How Emotional Abuse Affects Your Life
Some of your mental health problems can be traced back to the emotional abuse that you suffered.
Emotional abuse can screw you up in some long-term ways. Whether it is a partner or a parent abusing you, the effects mess with your mind and your image of yourself. When people who are supposed to love us instead treat us like crap, it makes us question our own worth. It makes us question if there is something wrong with us. It makes us wonder if we are lovable at all.
When it is a parent who mistreats us, it will often follow us into our relationships. I grew up with an emotionally abusive parent. My first boyfriend was also emotionally abusive, just in different, less obvious ways than my mother was. He was not openly abusive. He didn’t hit me or put me down. But he did treat me like I did not matter. He would stand me up frequently. He would disappear for long periods of time. He would not take my needs or wants into consideration. I accepted that behavior because I thought it was what I deserved.

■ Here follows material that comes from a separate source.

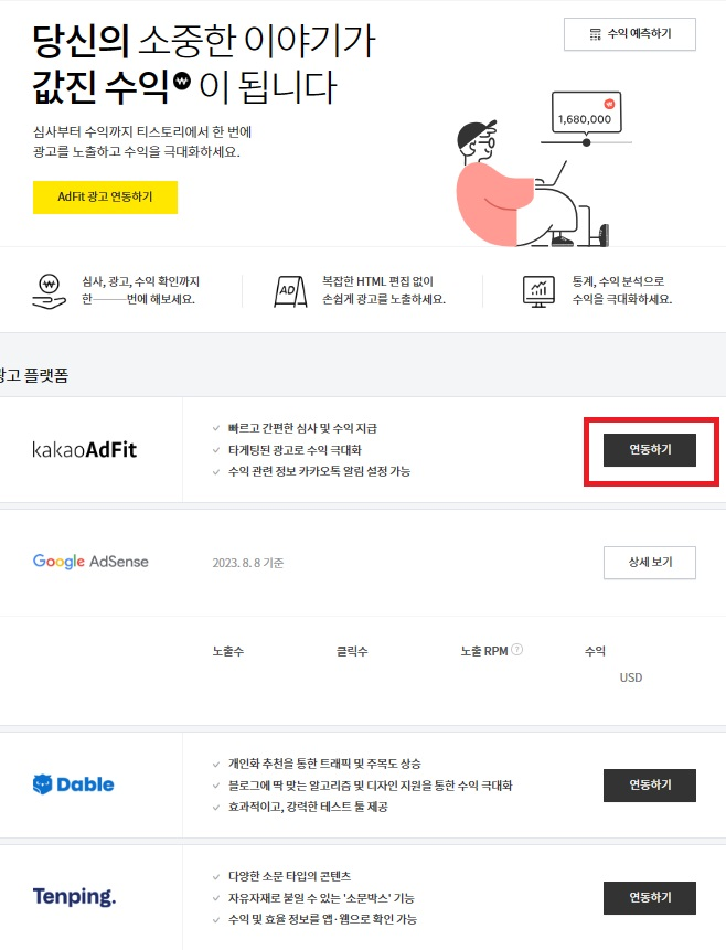블로그 관리에서 수익을 클릭 하면 내가 연동할 수 있는 4개의 광고 플랫폼이 나옵니다.

I was unable to identify what being loved in a healthy way was like because I had never experienced it. I was desperate to be loved, but the only thing I recognized as being loved was being treated badly. It made my first relationship a cluster fuck of a disaster. But I was only 16.
My later ones were better to some degree. While I never had what I’d say was a super healthy relationship because I had issues and I chose people who had issues, at least there was not abuse. I’ve already made the decision to refrain from future relationships, so it won’t be an issue again.
Anxiety
When someone you love and trust is abusive it causes you to be anxious all the time. You never know what will set them off. You never feel safe. You don’t express your opinions. You don’t argue. You don’t question. You know those things will only make them worse.
Once you are away from the abusive person, you still have those habits. Your brain is trained to respond anxiously. If something bad happens you expect to be blamed for it. In fact, you probably go ahead and blame yourself even if nobody else is blaming you.
You are always on edge looking for where the next attack will come from. Looking for when your next failure will arrive so that you can be ridiculed.
It does not matter that you have removed yourself from the abusive situation and are now around people who don’t treat you like that. Your brain will repeat the abuse to yourself because that is what you’ve learned.
You also have trust issues up the wazoo. If you were in a relationship with someone abusive, it will take a long time and many unfair (to the new person) tests before you can slowly begin to trust. If your parent was abusive, you may never fully trust anyone. That part of you may be damaged beyond repair.
If the person or people who were supposed to love you unconditionally and protect you did not do so during your formative years, your ability to trust is messed up. You may always second guess yourself and be unable to fully trust others no matter what they do.
How much this damages your life largely depends on how well you can hide it. If you are paranoid and end up rifling through your partner's phone or belonging looking for affairs, you are going to have a bad time. Nobody responds well to being shown they are not trusted.
If you can keep it more low key and are just extremely uncomfortable until your partner does what they promised to do, then it will have less effect on the relationship. Yes, you will suffer, but it need not damage the relationship itself.
Depression
Emotional abuse can also lead to depression. When someone you love and depend on constantly makes you feel worthless and inadequate, your self-image is destroyed. It is all too easy to slip into depression when you feel like you have nothing to offer the world.
Emotional abuse also leads to feelings of learned helplessness. You feel trapped in the situation (if you are a child, you are actually trapped) and nothing you do will improve it. The darkness of depression eats those feelings up and manifests its hold on you.
The emotional abuse that you suffered has left its mark on your life. You may have anxiety or depression or both. Being damaged does not mean you are weak. It takes more courage and strength to continue on in life after suffering abuse than most people will ever understand. You carry the burdens of your mental illnesses and your scars from abuse and you still keep going.
Knowing the source of your damage can help you to begin to work through it so that you can gain control over the effects it has on your life.